Los estudiantes describieron el agotamiento emocional como una sensación de letargo o inmovilización en respuesta a sentirse abrumados y estresados. “Simplemente no hago nada”, “No haré nada de eso” o “Pierdo la capacidad de funcionar” fueron algunas de las formas en que los estudiantes describieron esta sensación de parálisis.

La automedicación para el estrés excesivo era algo común.

"El uso de sustancias para aliviar el estrés fue un tema predominante en nuestras entrevistas con los estudiantes, más de dos tercios de los cuales describieron el uso de sustancias como endémico de su experiencia social y como un método para controlar el estrés", dice el Dr. Charles Cleland, investigador del estudio .

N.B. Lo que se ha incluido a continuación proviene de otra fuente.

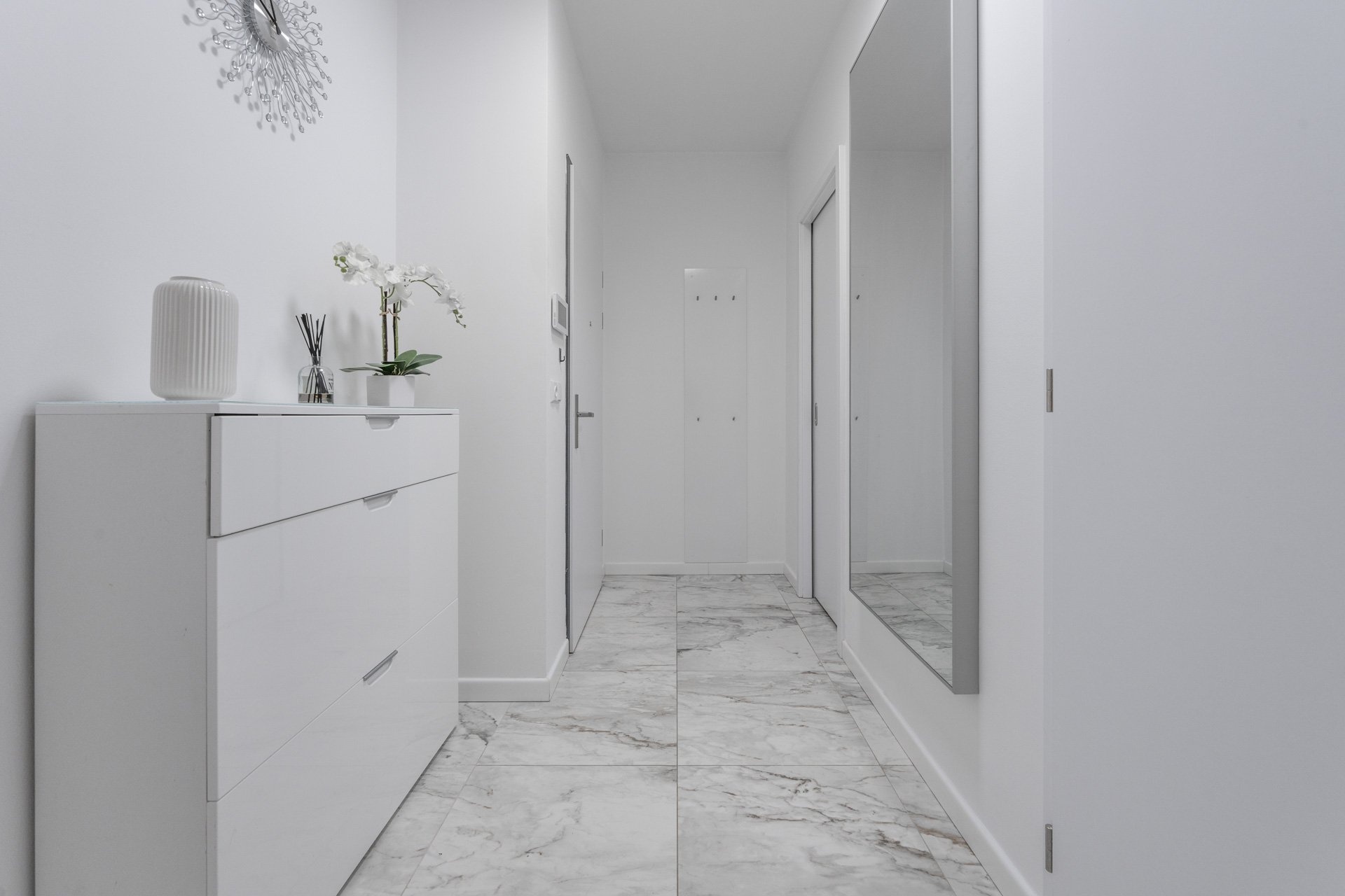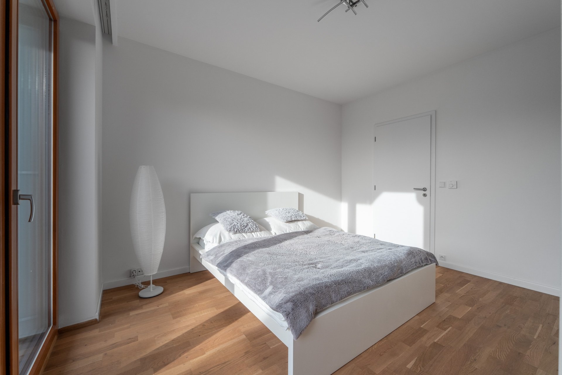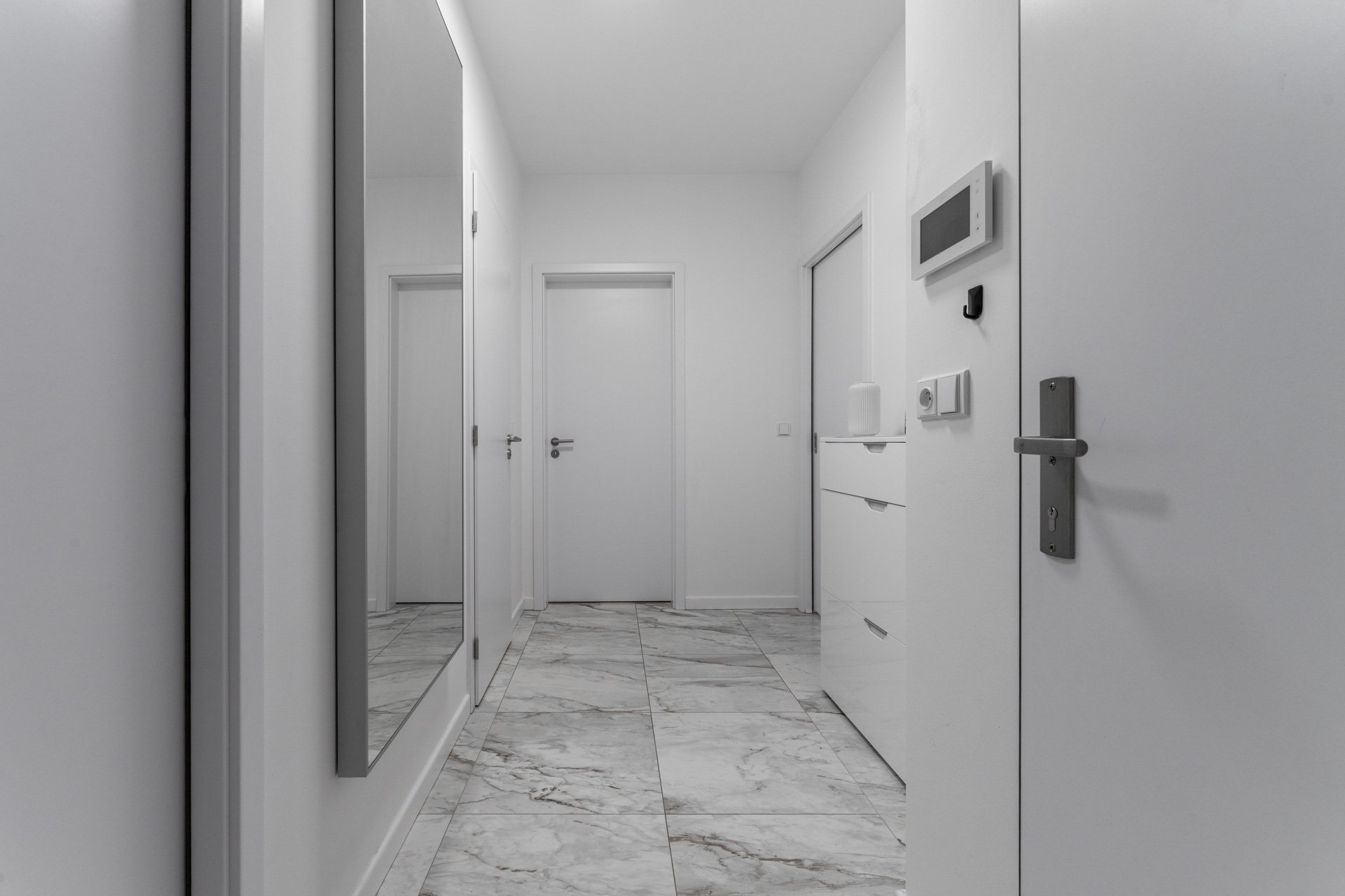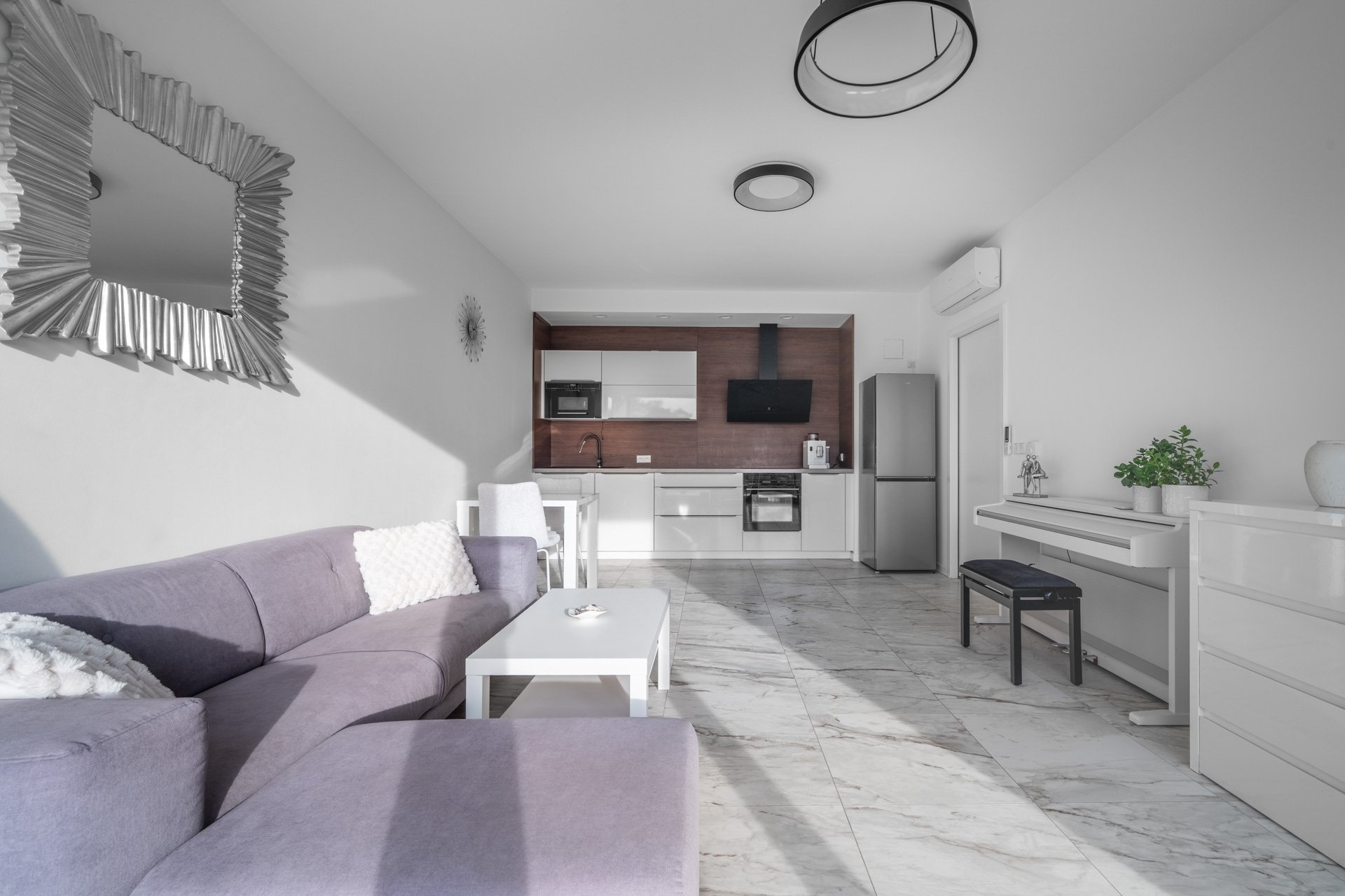 Byt má jednotný minimalistický a nadčasový design. V nemovitosti jsou použity kvalitní materiály, podlahové vytápění, rekuperace, velkoformátová dřevěná okna s trojskly a předokenními žaluziemi. V obývacím pokoji je umístěna klimatizační jednotka. Podlahová krytina byla zvolena v kombinaci dlažby a plovoucí dřevěné podlahy, která je v ložnici.
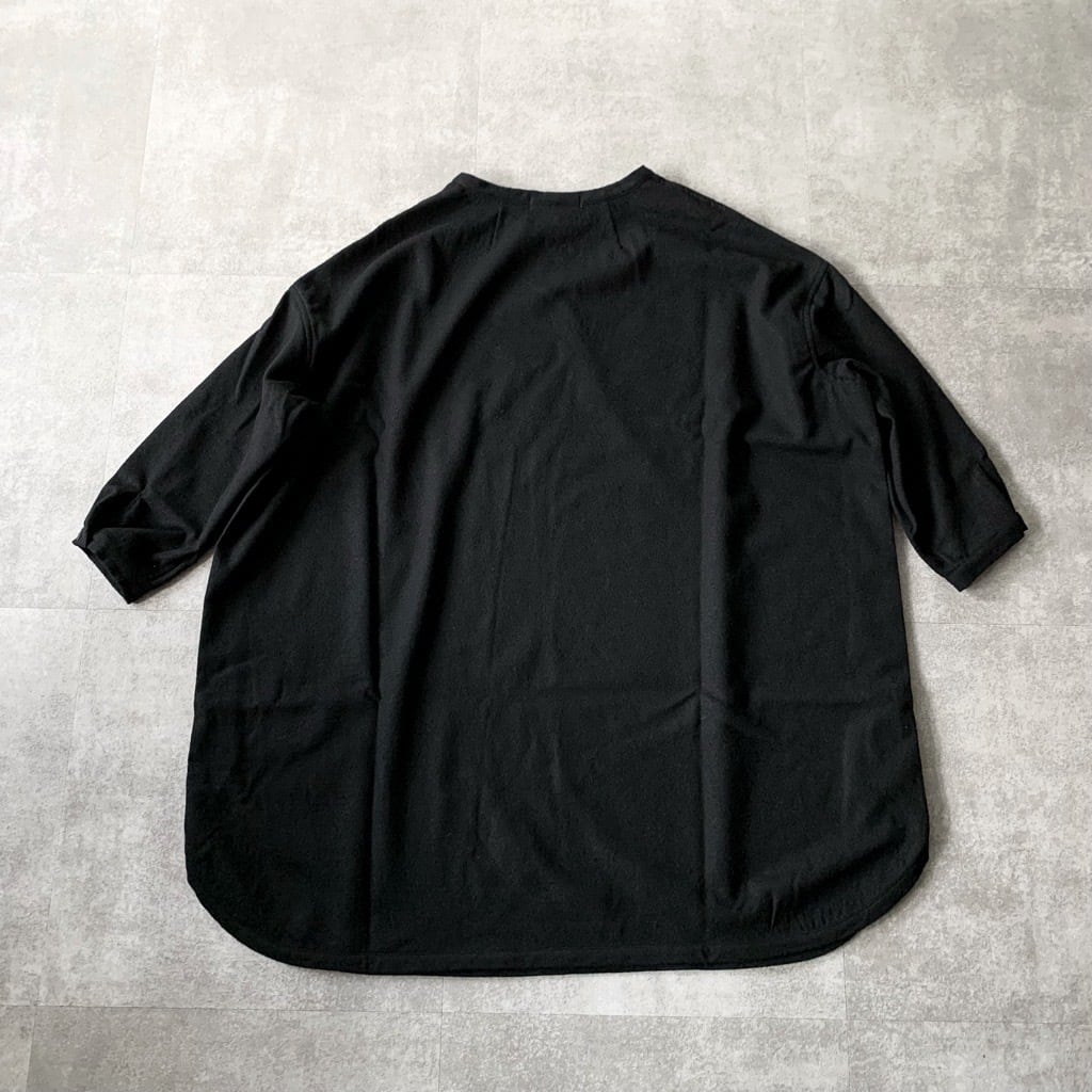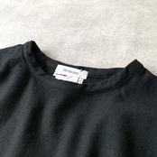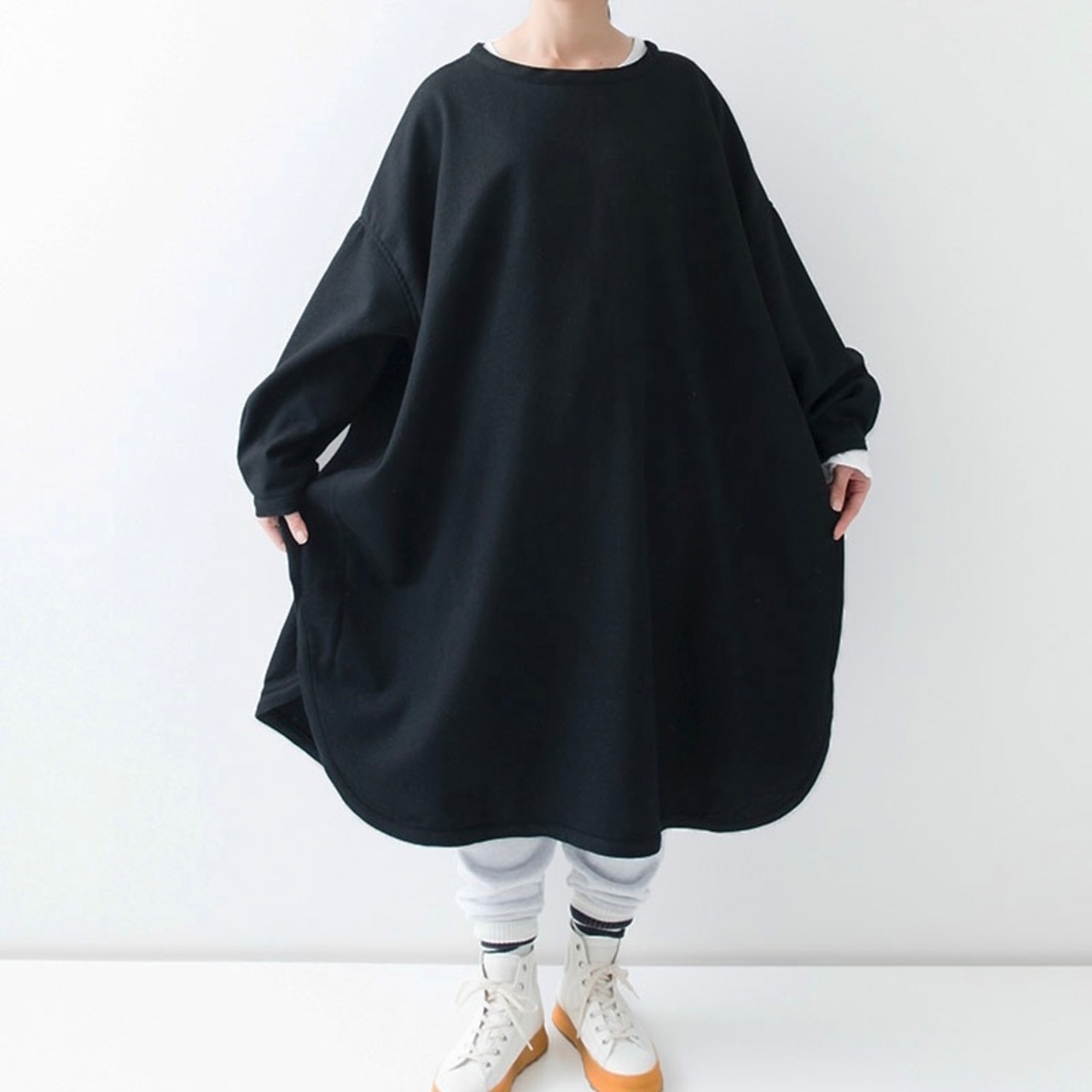 ラウンドした裾のラインが特徴のワンピースです。縮絨加工を施したウールのサキソニー生地を使用しています。軽く、ふっくらとした柔らかな肌触りです。肩回りや身幅にゆとりを大きく入れ、リラックス感のあるシルエットに仕上げています。

El alcohol y la marihuana fueron descritos como las principales sustancias que los estudiantes usaban para relajarse. En su mayor parte, los estudiantes informaron que el uso de sustancias, si bien es muy común, por lo general no se eleva al nivel de problema o uso peligroso.

El uso de sustancias para este propósito no fue específico de género. Durante el período de treinta días anterior a la encuesta, el 38 por ciento de los estudiantes informó haberse emborrachado y el 34 por ciento de los estudiantes informó haberse drogado con una sustancia ilegal, tasas de una a dos veces mayores que las informadas en muestras normativas nacionales.

“Si bien los estudiantes no hablaron sobre el uso de medicamentos recetados, los miembros del panel de expertos indicaron su uso generalizado entre los estudiantes a los que se les recetó, así como a aquellos a los que no se les recetó”, dijo Gwadz.